Ivanka Trump has found a cause to champion — and Democrats love it

Ivanka Trump faces an uphill battle as she tries to build support for her signature issues of affordable child care and paid family leave, courting corporate executives and lawmakers in hopes of generating momentum amid a packed legislative agenda in Washington.

Trump appears to be making headway with one important player, however: her father. In President Donald Trump’s speech laying out his vision for America to Congress last week, he highlighted both issues as having bipartisan appeal, along with defense and infrastructure spending.

“My administration wants to work with members of both parties to make child care accessible and affordable, to help ensure new parents that they have paid family leave,” Trump said to applause.

But the prospect of near-term action remains slim. The White House has set an aggressive timeline for making good on its core campaign promises: It hopes to repeal and replace the Affordable Care Act by Easter and then tackle a massive overhaul of the nation’s tax code by August. There are also routine tasks such as drafting the federal budget and raising the debt ceiling that have turned into flashpoints in the past.

Meanwhile, Ivanka Trump’s proposal has gotten pushback from several corners. Her plan would allow families to deduct child-care expenses from their taxable income. The amount is capped at the average cost of child care in their state and applies to children younger than 13. Stay-at-home parents would also be eligible for the deduction.
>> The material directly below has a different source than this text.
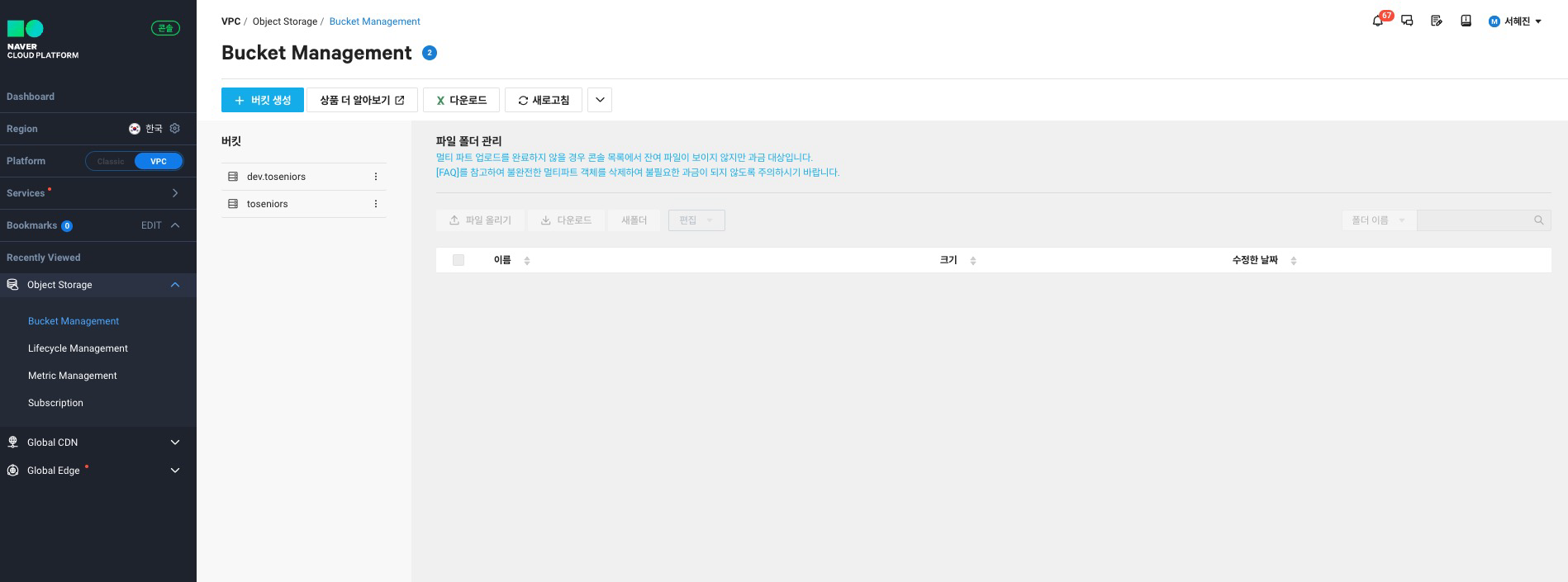 object storage의 Bucket Management로 들어가서 버킷을 생성합니다

Low-income families would be able to receive a refundable tax credit of 7.65 percent of their child-care costs, though stay-at-home parents are not eligible for this benefit. In addition, her plan would create savings accounts of up to $2,000 a year. Contributions would be tax-deductible and any earnings would be tax-free.

“It’s smart to use the tax system for child-care policy,” Sheila Marcelo, chief executive of health care marketplace Care.co, told CNBC. “I disagree that a deduction is not necessarily the most effective way if we’re trying to address the cost of care.”